Living alone with her father and servants at a castle deep in the Styrian hinterlands, a young English woman longs for company. As if delivered by Providence, a girl just about her age literally tumbles into their lives, thrown from a runaway carriage. Deemed too sickly to continue her journey, the girl's mother leaves Carmilla in the castle's care, promising to return for her in three months. There's something both charming and inscrutable about the frail young lady and the way she constantly evades questions about her origins... not to mention her peculiar bond, bordering on obsession, with the castle girl. Soon, a strange plague darkens the countryside, peasant girls falling deathly ill after ghostly encounters - sicknesses recalling the long tradition of the vampire.
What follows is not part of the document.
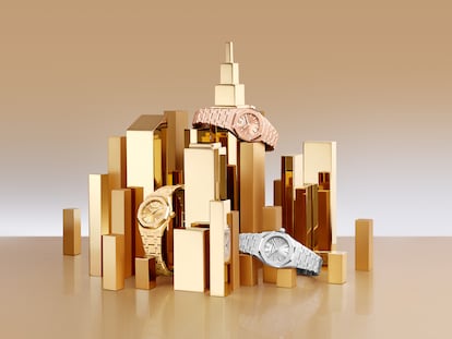 La relojera suiza lanza una versión de su gran icono en tamaño reducido y con textura Frosted Gold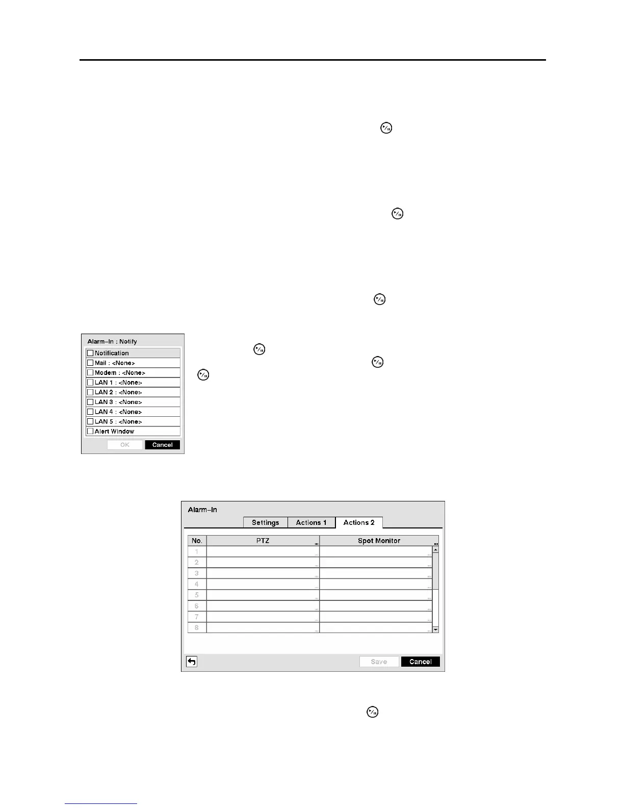 Highlight the desired box under the Notify heading, and press the button. The Alarm-In Notify menu

Is Carmilla another victim, or something more sinister?

Review

Originally published in 1871, this short tale of obsession and horror is widely considered a major influence on Bram Stoker's later, yet far more famous, novel, Dracula. Carmilla, too, is both charming and terrifying by turns, a monster who toys with her victims in a most diabolical manner. She also displays the traditional vampiric sex appeal, this time directed toward her own gender (which I'm sure raised some turn-of-the-century eyebrows, and may explain why it remains relatively obscure today while Dracula can't get rewritten, revisited, or re-filmed enough.) The story establishes a suitably Gothic atmosphere, and though it drags now and again, I couldn't help thinking Bram Stoker drug things out worse. The wrap-up feels a little anti-climactic and rushed, costing it a full fourth star. Otherwise, this is a nicely chilling exploration of vampire lore.